The antimicrobial activity of arenicin is determined by the method of radial diffusion of peptides in an agarose gel with a test culture of the microorganism, which allows to evaluate the microbicidal activity, spending the minimum amount of the drug. To determine the antimicrobial activity of individual fractions of the polypeptides, cultures of the following microorganisms are used: Escherichia coli, strain ML-35p (gram-negative bacterium); Listeria monocytogenes, strain EGD (gram-positive bacterium); Candida albicans (Ascomycetes class mushroom). The antimicrobial effect of the selected peptides is fixed after 24 hours by the presence of zones of growth inhibition of the test culture (table 1). It was shown that genetically engineered and natural arenicins in the amount of ~ 1 μg exhibit microbicidal activity against all three microbes. The action of both peptides against gram-positive and gram-negative bacteria, as well as their antifungal activity, are almost identical.
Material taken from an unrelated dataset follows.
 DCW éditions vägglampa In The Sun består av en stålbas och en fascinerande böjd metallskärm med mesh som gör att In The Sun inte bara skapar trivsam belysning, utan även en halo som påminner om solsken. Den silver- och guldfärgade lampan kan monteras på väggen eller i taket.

Thus, for example, the minimum inhibitory concentration of both natural and recombinant peptides with respect to E. coli is 25 μg / ml.
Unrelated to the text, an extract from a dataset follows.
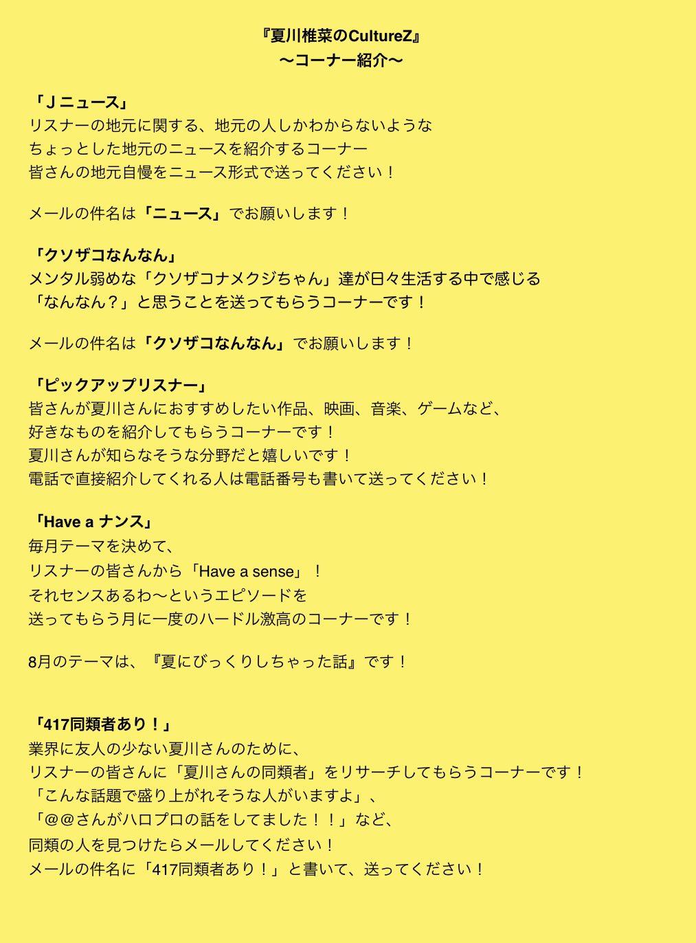 各コーナーへのメールも募集中です!

Table 1. Antimicrobial action of genetically engineered and natural arenicin Test microorganisms Arenicin genetic engineering natural Gram-positive bacterium Listeria monocytogenes, strain EGD + + Gram-negative bacterium Escherichia coli strain ML-35p + + Candida albicans ascomycete fungus + +

Claims (1)

A method of obtaining an antimicrobial peptide of arenicin, including culturing a recombinant producer strain of Escherichia coli BL21 (DE3) / pE-His8-TrxL-Ar2 in a nutrient medium, disrupting the obtained cells, isolating inclusion bodies containing His8-TrxL-Ar2 fusion protein, purification of the hybrid protein by affinity chromatography, its solubilization and cleavage with bromine cyan in an acidic medium according to the methionine residue, separation of the reaction products and purification of the target product by reverse-phase HPLC.